Ленька, подхватив с судной лавки кусок хлеба, нырял мимо нее к двери, потом на улицу — только его и видели.
Нередко отец сам возвращался с попойки за полночь. Тогда он обязательно пройдет в горницу, зажжет спичку, прощупает презлющими хмельными глазами пустующую постель дочери и, взяв это как подходящий предлог, начинает придираться к нашей матери:
— В тебя пошла. Такая же шленда. Ну, где она запропастилась?
— Откель мне знать? — отзывалась мать, поспешно слезая с печки.
Буря надвигалась, и мать торопилась, чтобы успеть встать под защиту лежащих под одной ее шубой, прямо на полу горницы, сыновей. Мы тоже не спали, чутко прислушиваясь, далеко ль пойдет батька в неспровоцированном своем гневе. Теперь мы подросли, и отец знал, что вряд ли ему удастся пустить в дело кулаки, как в прежние времена, когда все мы, его дети, были малышами.
— «В тебя пошла»! — негромко повторяла мать, хорошо понимая смысл, вкладываемый мужем в эти слова. — А не в тебя ли? Пятый десяток, а вон как хабалишь! Шляешься до полуночи, как молоденький. Детей хоть бы постыдился!

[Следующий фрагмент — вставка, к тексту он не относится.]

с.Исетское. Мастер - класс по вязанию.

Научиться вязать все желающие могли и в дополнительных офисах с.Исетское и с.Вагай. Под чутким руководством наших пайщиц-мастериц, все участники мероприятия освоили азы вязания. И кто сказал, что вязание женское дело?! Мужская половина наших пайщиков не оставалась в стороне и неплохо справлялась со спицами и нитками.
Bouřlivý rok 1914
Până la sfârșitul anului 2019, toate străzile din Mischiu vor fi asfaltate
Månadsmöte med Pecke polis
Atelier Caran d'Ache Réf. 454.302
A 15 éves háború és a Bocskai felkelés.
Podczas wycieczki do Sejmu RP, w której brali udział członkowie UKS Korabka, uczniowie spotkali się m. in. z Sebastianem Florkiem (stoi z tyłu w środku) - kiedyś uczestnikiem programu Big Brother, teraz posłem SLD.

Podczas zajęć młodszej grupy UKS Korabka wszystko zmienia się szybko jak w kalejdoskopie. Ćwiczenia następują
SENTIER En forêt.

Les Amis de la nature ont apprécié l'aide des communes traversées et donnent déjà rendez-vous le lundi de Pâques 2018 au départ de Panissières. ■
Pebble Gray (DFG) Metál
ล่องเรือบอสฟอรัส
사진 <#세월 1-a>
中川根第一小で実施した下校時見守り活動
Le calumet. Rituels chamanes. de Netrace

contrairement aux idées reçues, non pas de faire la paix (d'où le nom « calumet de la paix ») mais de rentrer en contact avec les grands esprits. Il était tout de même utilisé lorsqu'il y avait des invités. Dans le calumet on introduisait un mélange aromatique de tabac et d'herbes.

— Ма-а-алчать! — орал отец.
Для нас это его протяжное «ма-а-алчать!» было сигналом бедствия. В один миг мы оказывались рядом с разбуянившимся. Сделав руки кренделем, я повисал на отцовской шее, Санька хватал его за правую руку, Ленька — за левую: так уж были распределены наши силы. Стряхнув нас, отец, однако, шумел все тише и тише, мы увлекали его за собой в горницу, со смехом валили на пол, на свою немудреную постель — солома, покрытая рваной дерюгой, — по бокам ложились сами, и гроза таким образом была отвращаема от бедной нашей матери.

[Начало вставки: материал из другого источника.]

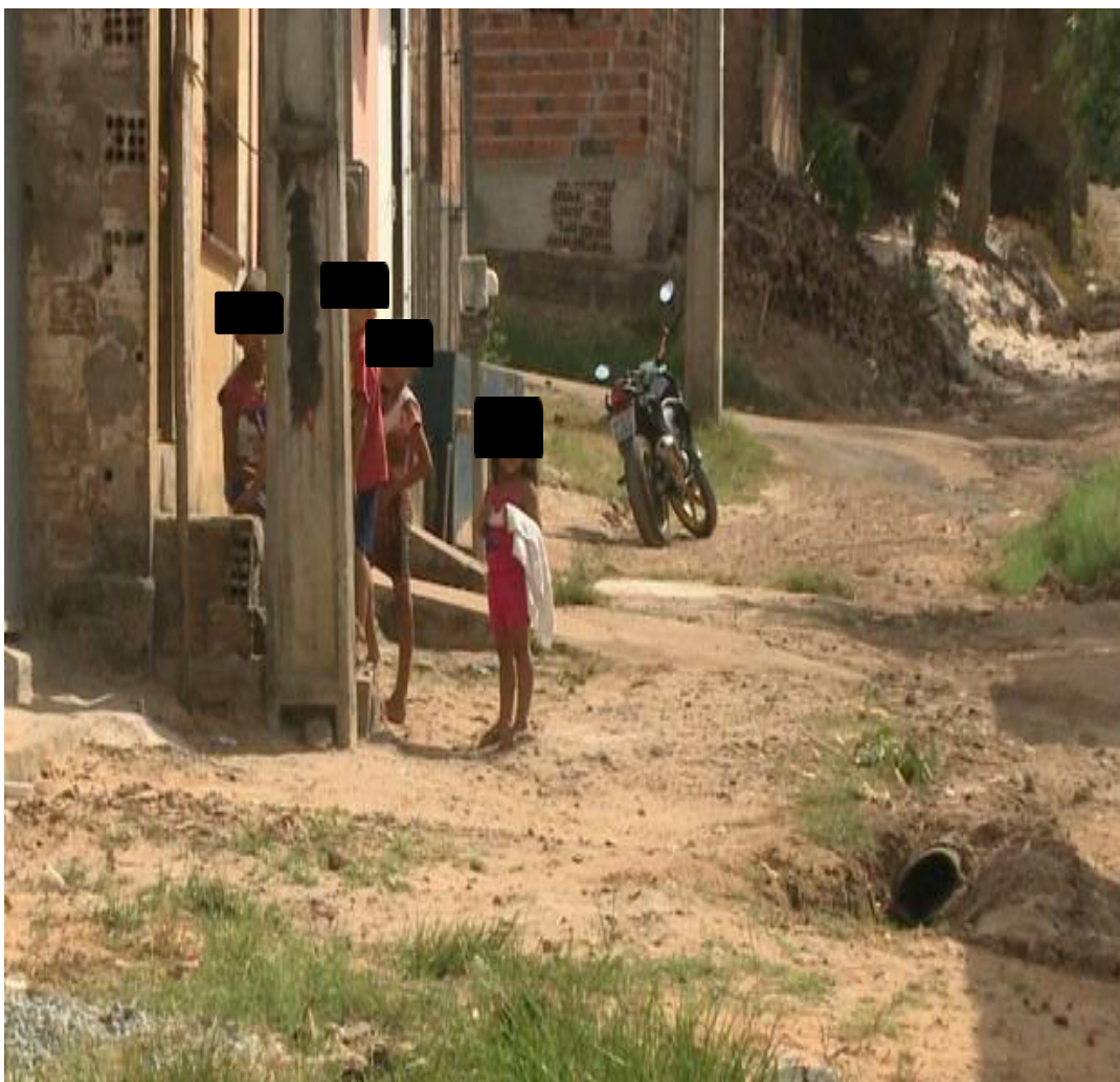
Figura 1- Vila Cruzado no Bairro Tibiri.

Бывало, что буря налетала днем, когда нас, ребятишек, дома не было; застигнутые врасплох, мать и дочь забивались подальше на печь, и тут отец правил над ними свой суд без всяких помех. В ход пускались сложенные вдвое веревочные вожжи. Мать, готовая на все, чтобы только защитить дитя, заслоняла Настеньку своим телом, вытягивала в сторону вожжей, свистящих над ними, свои и без того синие, все в буграх, руки, и удары, частые и злые, обрушивались на них. От диких криков истязуемых пьяный буян приходил в неистовство, и надо было только удивляться, как это еще он не засекал их до смерти. Мать была совершенно уверена, что отец наш для того только и придирался к Настеньке, чтобы получить подходящий предлог для сведения счетов с женою. А они у него были, эти счеты. Мать выдали за него силком, она пыталась повеситься, потому как любила другого. Вот этого-то и не мог простить ей отец всю жизнь, и это в конце концов было причиной многих невыразимых страданий всей семьи. Если удары судьбы двух не любящих друг друга существ в общей большой семье как- то еще смягчались присутствием деда, бабушки и других людей, то теперь, когда отец стал полным хозяином в доме, его владыкой, отвести эти удары от матери и сестры могли только мы: Санька, Ленька и я. А мы не всегда находились дома.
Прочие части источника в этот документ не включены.